- **To do**: Images don't belong in the copy. Output the rest of the data exactly.

** Task input follows **

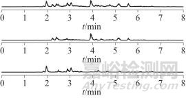 色譜柱:Water HSS T3 C18柱(100 mm×2.1 mm,1.8 μm,美國沃特世公司);柱溫:35 ℃;進(jìn)樣體積:5 μL;流動(dòng)相:A相為0.1%(體積分?jǐn)?shù))甲酸溶液,B相為乙腈,梯度洗脫程序:0~5 min,20%→80%乙腈;5~7 min,80%乙腈;7~7.1 min,80%→20%乙腈;7.1~8 min,20%乙腈,流量為0.3 mL/min。
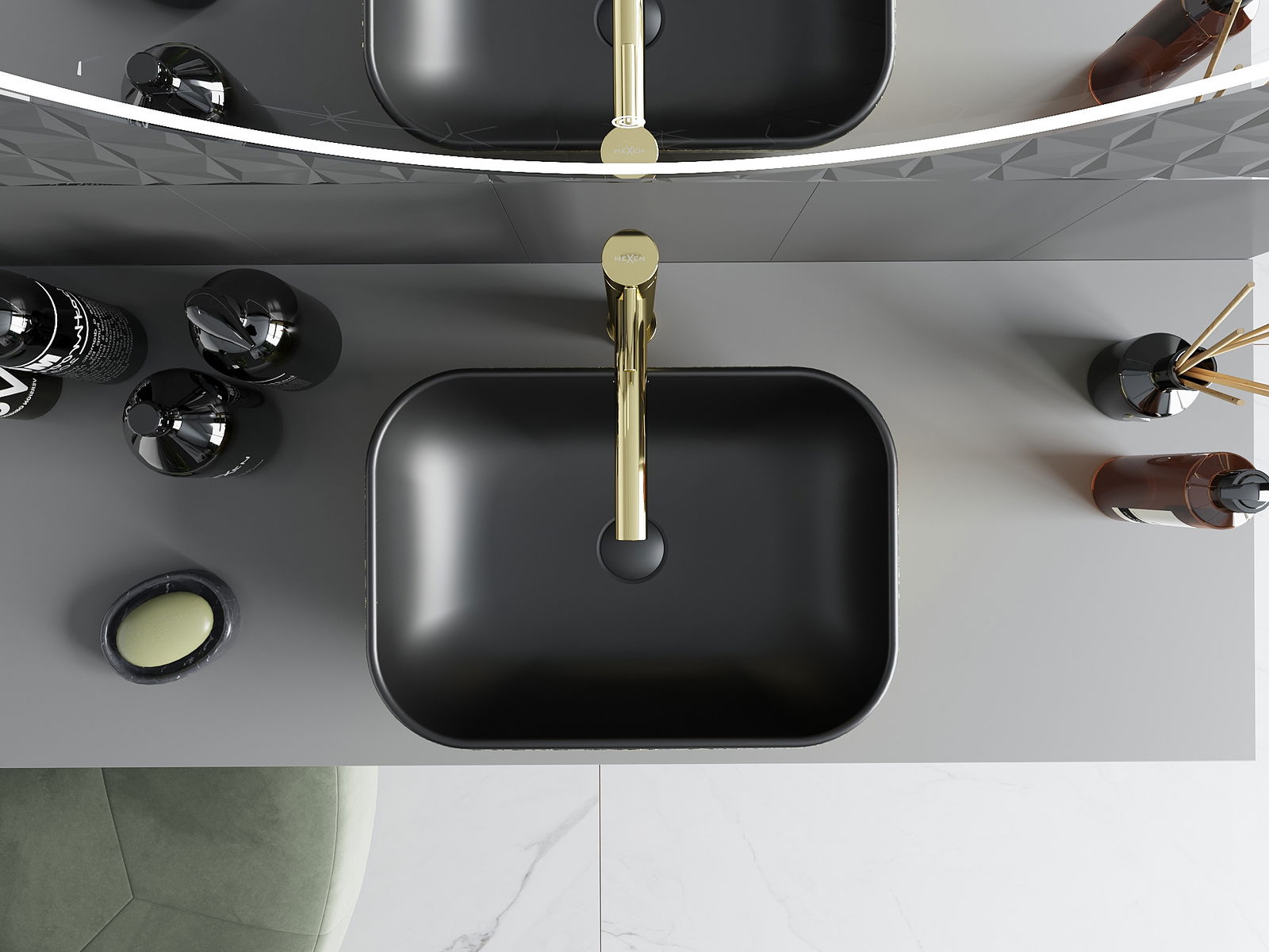 A kerámia matt felülete tökéletesen hangsúlyozza a termék színének természetét, így egyedi és kifejező felületet biztosít. A matt kerámia finom szerkezete eleganciát vezet be a fürdőszobában, esztétikai teret teremtve.
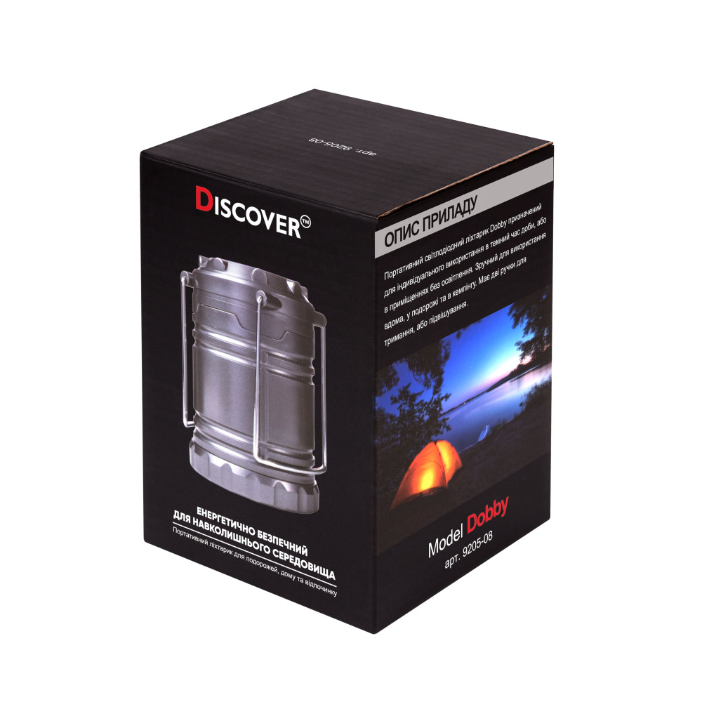 Портативний, світлодіодний ліхтарик Dobby призначений для індивідуального використання в темний час доби, або в приміщеннях без освітлення. Зручний для використання вдома, у подорожі та в кемпінгу. Має дві ручки для тримання, або підвішування. Енергетично безпечний для навколишнього середовища. Розмір: голова діаметр 87 мм, висота в закритому 12.3 см (відкритий 18.0 см). Режим: 1. ПОПЕРЕДЖЕННЯ: Не направляйте промінь в очі, оскільки це може зашкодити зору. Бережіть прилад подалі від дітей.
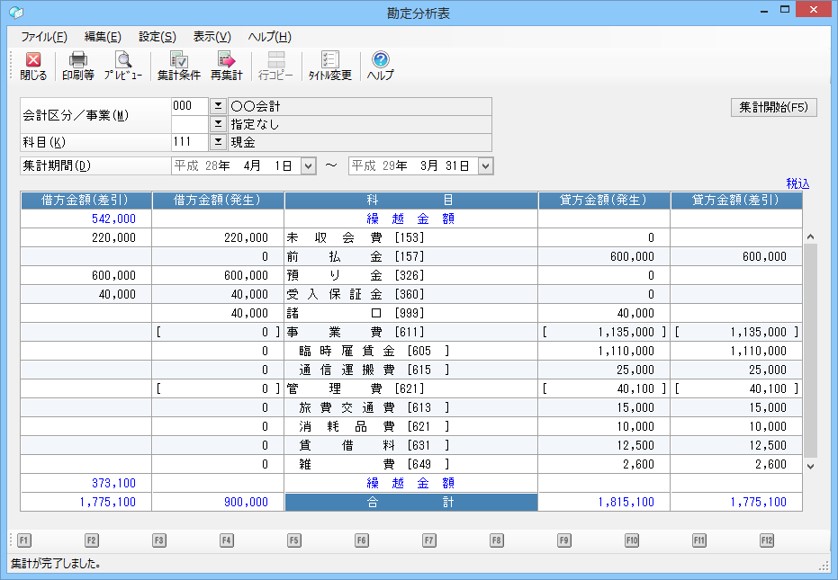 メニューの「分析処理」-「勘定分析表」を選択すると、以下のような画面が表示されます。
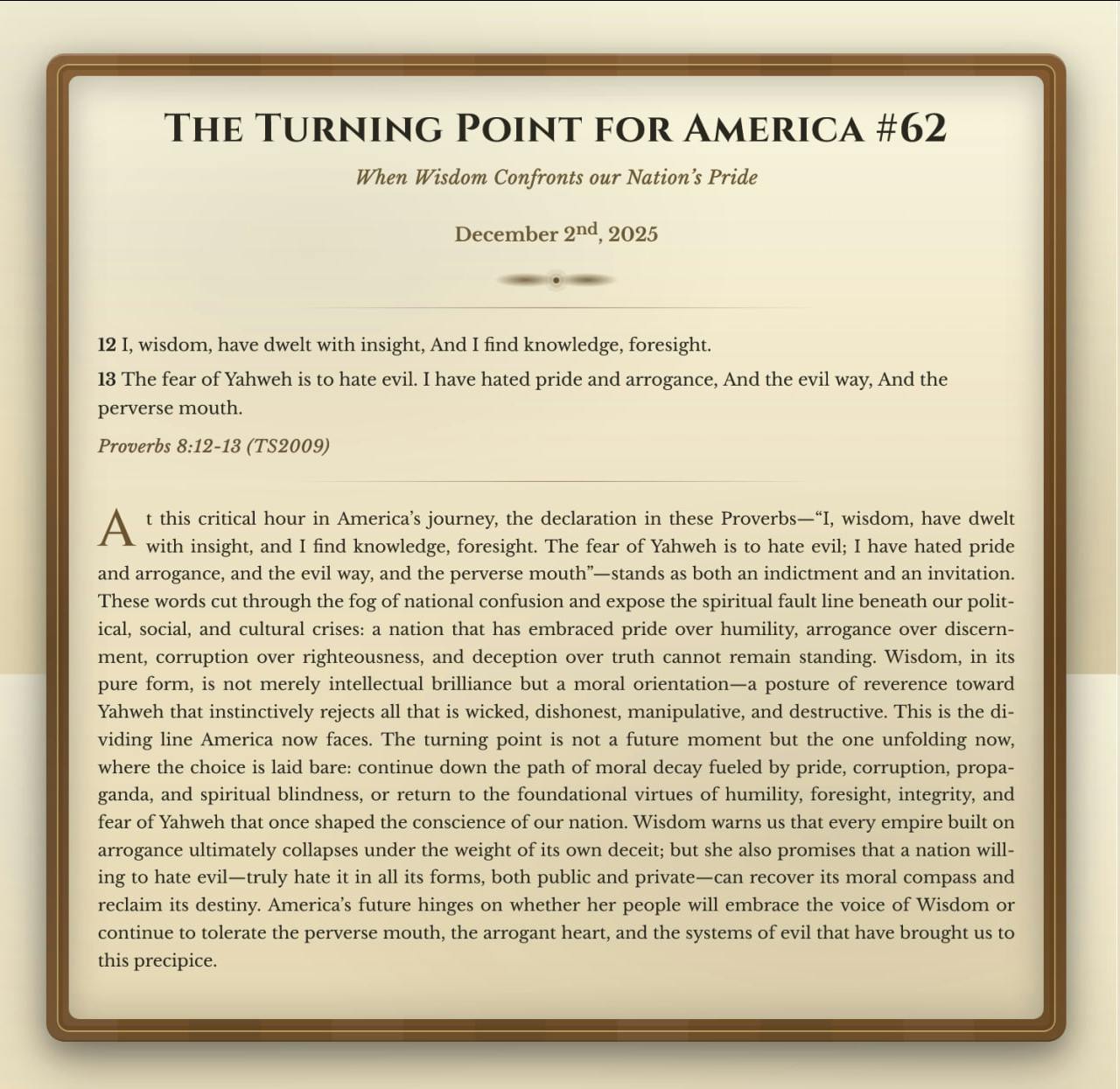 The Turning Point for America #62: When Wisdom Confronts our Nation’s Pride - Proverbs 8:12–13 TS2009

** End of Task input **

- **Expected answer**:
 色譜柱:Water HSS T3 C18柱(100 mm×2.1 mm,1.8 μm,美國沃特世公司);柱溫:35 ℃;進(jìn)樣體積:5 μL;流動(dòng)相:A相為0.1%(體積分?jǐn)?shù))甲酸溶液,B相為乙腈,梯度洗脫程序:0~5 min,20%→80%乙腈;5~7 min,80%乙腈;7~7.1 min,80%→20%乙腈;7.1~8 min,20%乙腈,流量為0.3 mL/min。
 A kerámia matt felülete tökéletesen hangsúlyozza a termék színének természetét, így egyedi és kifejező felületet biztosít. A matt kerámia finom szerkezete eleganciát vezet be a fürdőszobában, esztétikai teret teremtve.
 Портативний, світлодіодний ліхтарик Dobby призначений для індивідуального використання в темний час доби, або в приміщеннях без освітлення. Зручний для використання вдома, у подорожі та в кемпінгу. Має дві ручки для тримання, або підвішування. Енергетично безпечний для навколишнього середовища. Розмір: голова діаметр 87 мм, висота в закритому 12.3 см (відкритий 18.0 см). Режим: 1. ПОПЕРЕДЖЕННЯ: Не направляйте промінь в очі, оскільки це може зашкодити зору. Бережіть прилад подалі від дітей.
 メニューの「分析処理」-「勘定分析表」を選択すると、以下のような画面が表示されます。
 The Turning Point for America #62: When Wisdom Confronts our Nation’s Pride - Proverbs 8:12–13 TS2009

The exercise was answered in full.